### INPUT DATA
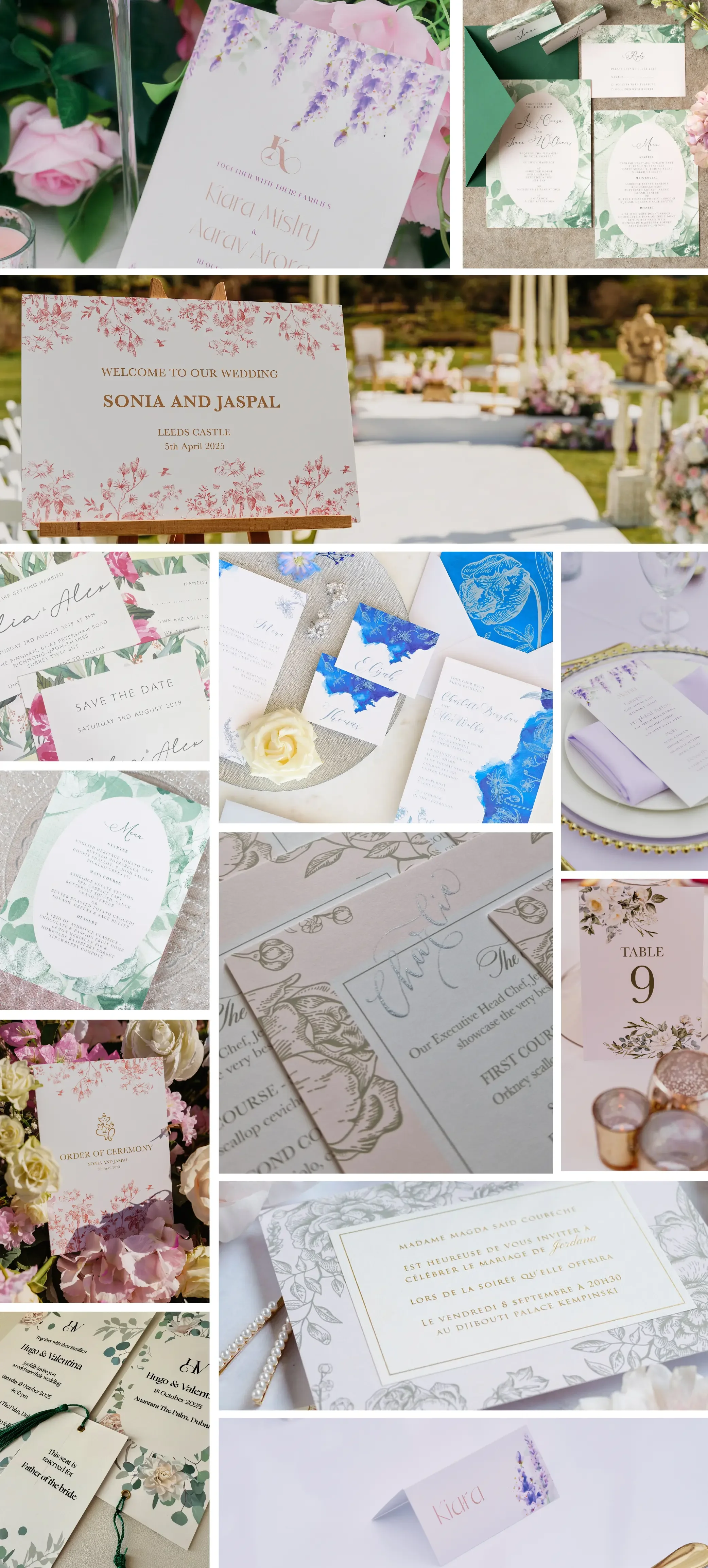Our luxury floral wedding stationery collection blends elegance, personalisation, and exquisite craftsmanship. Each invitation, menu, and place card is designed to reflect your style and bring your floral wedding vision to life. From delicate hand-painted details to premium finishes, every piece is tailored to create a truly memorable wedding experience.
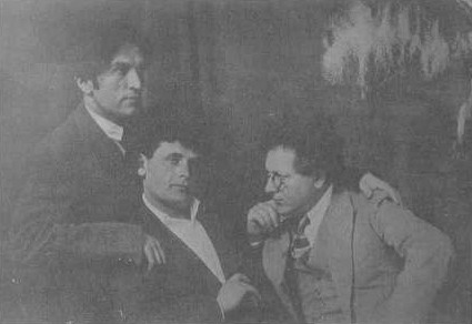 Перец Маркиш (в середине) с еврейскими писателями: слева — Мойше Бродерзон, Алтер Кацизна. Варшава, 1925 г.
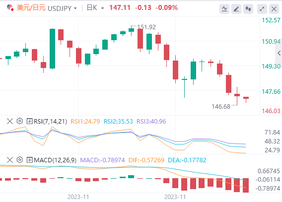 11月中旬,日元一度下跌到1美元兑换151.92日元,距离33年来的新低只有一步之遥。截至目前,美元/日元报价147.10,本月下跌3.03%。
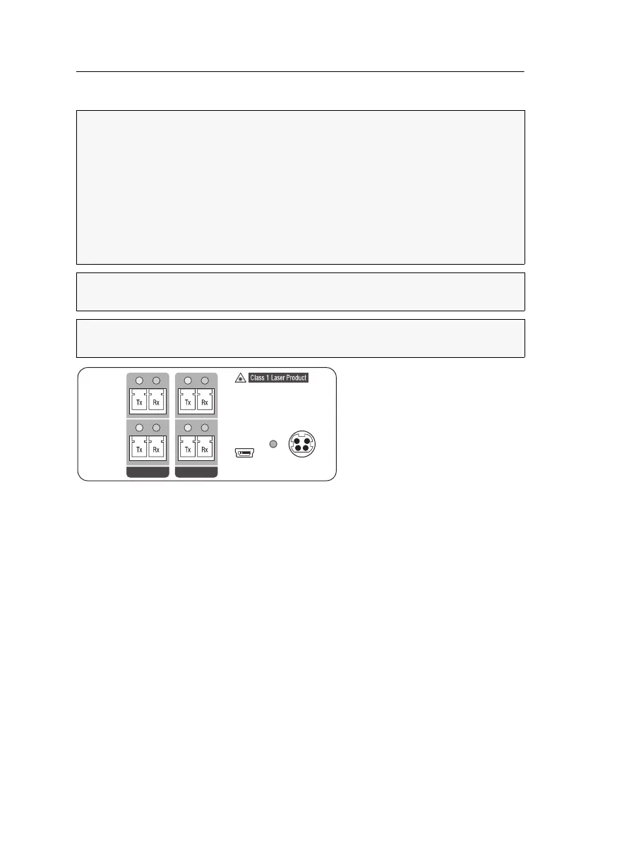 Always connect optical connections or cover them with protection caps on page 3

### DIRECTIONS FOR THIS TASK
Set down the data above exactly as written. Omit the pictures.

### FINAL ANSWER
Our luxury floral wedding stationery collection blends elegance, personalisation, and exquisite craftsmanship. Each invitation, menu, and place card is designed to reflect your style and bring your floral wedding vision to life. From delicate hand-painted details to premium finishes, every piece is tailored to create a truly memorable wedding experience.
 Перец Маркиш (в середине) с еврейскими писателями: слева — Мойше Бродерзон, Алтер Кацизна. Варшава, 1925 г.
 11月中旬,日元一度下跌到1美元兑换151.92日元,距离33年来的新低只有一步之遥。截至目前,美元/日元报价147.10,本月下跌3.03%。
 Always connect optical connections or cover them with protection caps on page 3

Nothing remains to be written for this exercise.